Let's assume that the canoeist's rate in still water is represented by "C" in miles per hour (mi/hr).
When paddling downstream, the canoeist's speed is increased by the speed of the current, which is 4 mi/hr. Therefore, the canoeist's effective speed downstream can be expressed as "C + 4" mi/hr.
Conversely, when paddling upstream, the canoeist's speed is decreased by the speed of the current, so the effective speed upstream is "C - 4" mi/hr.
We are given that it takes the canoeist 96 minutes longer to paddle 13 miles upstream than to paddle the same distance downstream. This information can be expressed as an equation:
Time upstream - Time downstream = 96 minutes
To convert the time difference to hours, we divide 96 minutes by 60 (since there are 60 minutes in an hour):
96 minutes / 60 minutes per hour = 1.6 hours
Therefore, the equation becomes:
(Time upstream) - (Time downstream) = 1.6 hours
Now we need to calculate the time it takes for the canoeist to travel 13 miles downstream and upstream.
Time = Distance / Speed
For the downstream journey, the time is:
Time downstream = 13 miles / (C + 4) mi/hr
For the upstream journey, the time is:
Time upstream = 13 miles / (C - 4) mi/hr
Now we substitute these values into the equation:
(13 miles / (C - 4) mi/hr) - (13 miles / (C + 4) mi/hr) = 1.6 hours
We can simplify the equation by multiplying both sides by (C - 4)(C + 4) to eliminate the denominators:
13(C + 4) - 13(C - 4) = 1.6(C - 4)(C + 4).

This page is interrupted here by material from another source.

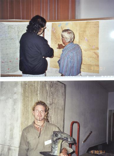 Bottom: Jason Walton holding Cadborosaurus sculpture
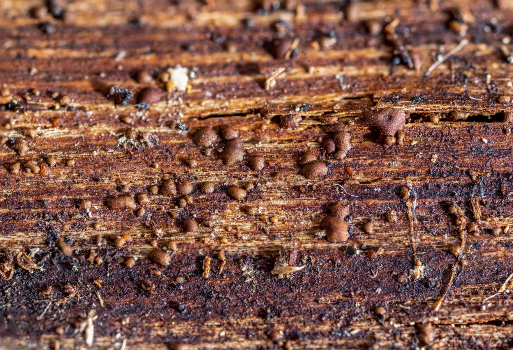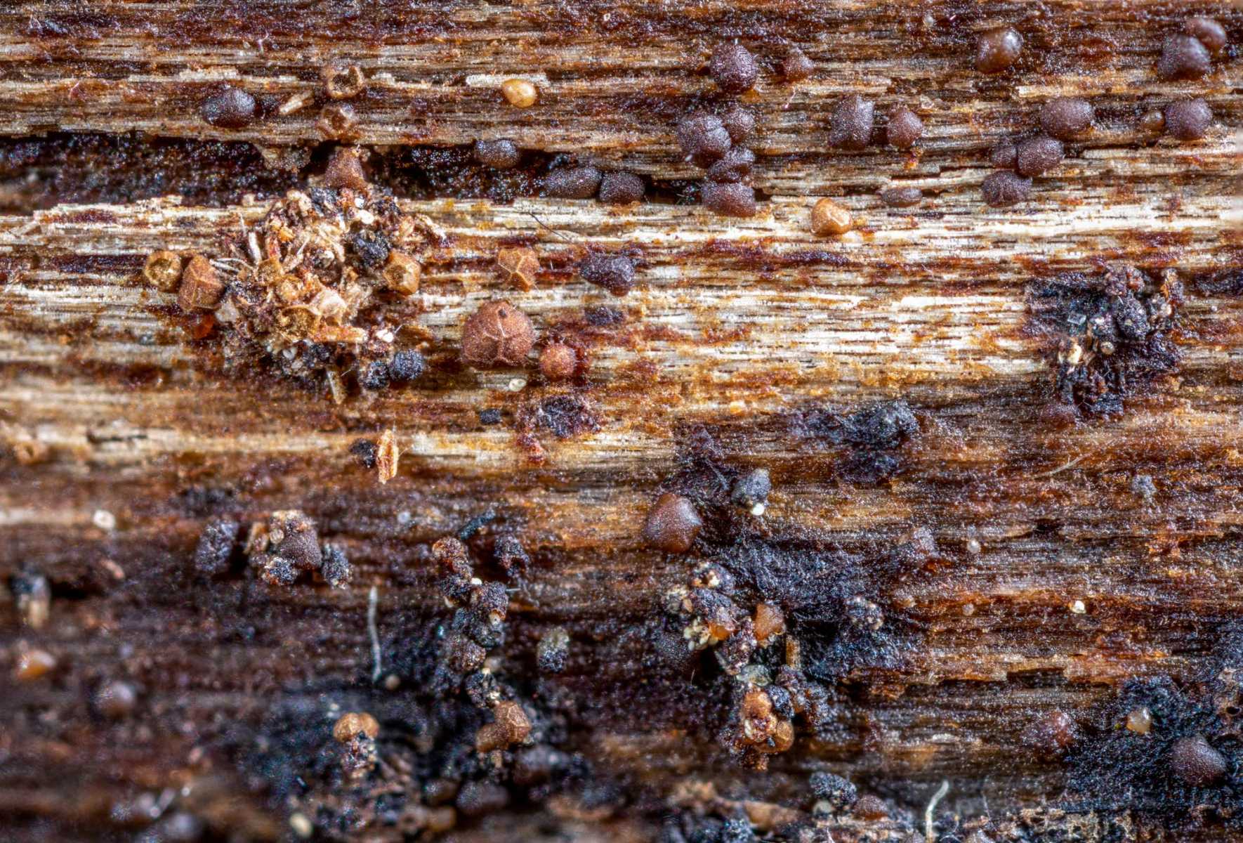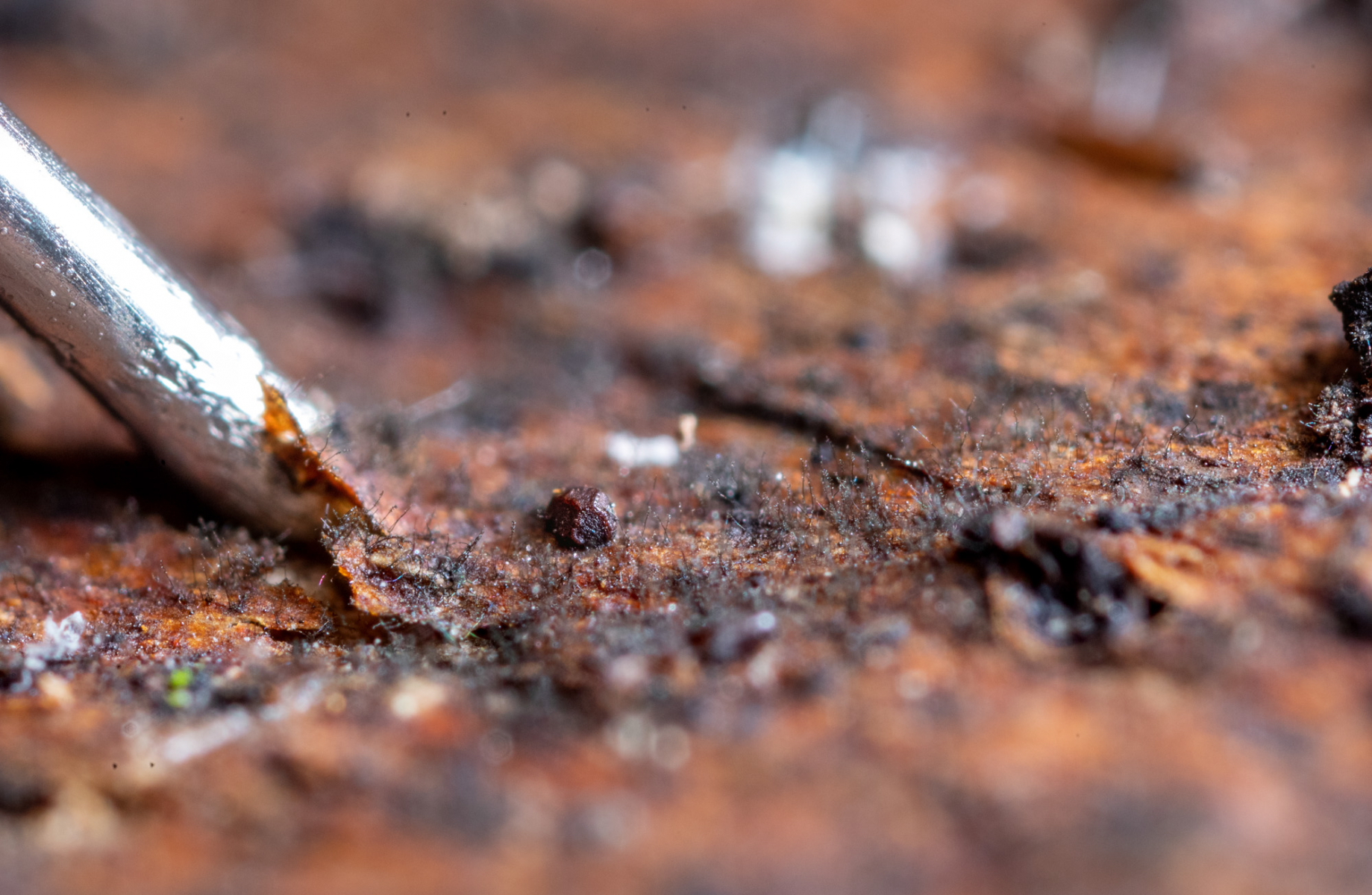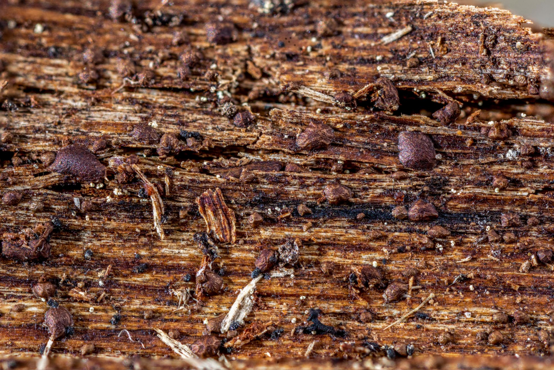 Die winzigen, dunklen, kantigen Fruchtkörper befinden sich auf einem Birkenrindenstück.

Expanding both sides of the equation:
13C + 52 - 13C + 52 = 1.6(C^2 - 16)
Simplifying and collecting like terms:
52 + 52 = 1.6C^2 - 25.6
104 = 1.6C^2 - 25.6
Rearranging the equation:
1.6C^2 = 129.6
Dividing both sides by 1.6:
C^2 = 81
Taking the square root of both sides:
C = ±9
Since we are looking for a rate in still water, a negative rate wouldn't make sense in this context. Therefore, the canoeist's rate in still water is 9 mi/hr.